Demonstrating that post-treatment scores are significantly different from pre-treatment scores and that the change-scores are greater in an “improved” group than in a “no change” group addresses the sensitivity to change of the scale, but not its specificity [4, 12]. The concept specificity to change is also important, since changes without clinical relevance may occur in function scale scores [12]. For example, in the present study, the change-score for the VASpain was very high in the “good” outcome group (4.2 points; effect size 1.6) but was also moderately high in the “poor” outcome group (0.7 points; effect size 0.50), indicating that a number of patients who were not improved according to the global outcome criterion still decreased appreciably in their pain score.

In order to better quantify the responsiveness of the ODI, the ROC method was used. The area under the ROC was 0.85 for ODI and 0.84 for RM. These values are generally somewhat higher than those previously reported in the literature for acute or chronic LBP patients undergoing conservative treatment (ODI: 0.76 [4], 0.78 [29], 0.94 [17], 0.78 [8]; RM: 0.79 [29], 0.93 [4], 0.77 [8]). Slight differences between studies may be the result of the questionnaire version used (e.g. Beurskens et al. [4] used an older version of the ODI), or the differing LBP populations and treatment strategies investigated (e.g. acute versus chronic LBP; conservative versus surgical patients).
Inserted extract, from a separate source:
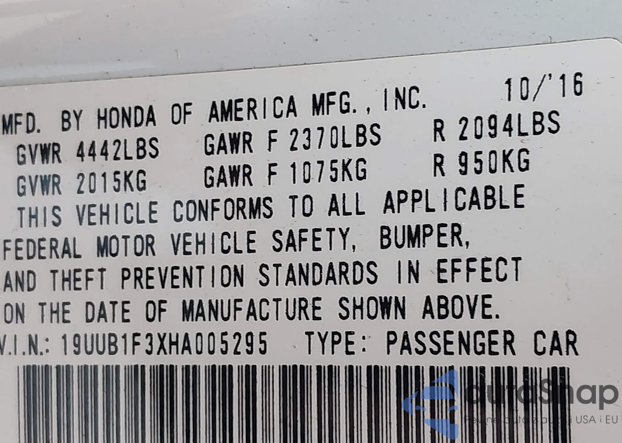 • VIN 5FNYF6H70GB009055

The patients showed quite wide-ranging disability scores at baseline, and we therefore considered it of interest to examine whether the responsiveness of the instruments improved when, instead of absolute change scores, relative change scores (i.e. before surgery score-6 month score/before surgery score) were used as the “discriminating variable” in the ROC analysis. For each of the three instruments (ODI, RM and VASpain), the areas under the ROC curve were even higher (0.90, 0.86, and 0.92, respectively) when the relative scores were used. Thus, we tentatively suggest that it may be more appropriate to discuss the cut-off scores for indicating “improvement” (as determined from ROC curves) in terms of the percentage change-score from baseline. Although percentages of change scores are not recommended for use in the statistical analysis of outcome in clinical trials [31], they may be of some practical use for the calculation of sample size for such trials, especially when populations with differing baseline scores are being investigated: using the percentage of change value, one can calculate the corresponding absolute score-change required to be considered as “improvement” in relation to the expected baseline scores for the given population. This absolute value can then be used in the subsequent power calculations. For the ODI, a “good” global outcome was predicted (with 92% sensitivity and 84% specificity) by a change in ODI score greater than or equal to an 18% reduction from baseline values. In relation to the mean pre-surgery ODI value in the present study (45 points), this is equivalent to an approximate 8-point reduction. The ROC analysis done using the absolute change-score revealed a cut-off for a good outcome of 11 points. Interestingly, both of these cut-off values are somewhat higher than the previously reported values for conservatively treated acute or chronic LBP patients of 4–6 points [4] and 6 points [17]. The precise value may depend on the patient group and treatment under investigation: in less disabled patients, changes of up to 6 points may represent a similar percentage reduction from baseline to that reported for the patients in the present study.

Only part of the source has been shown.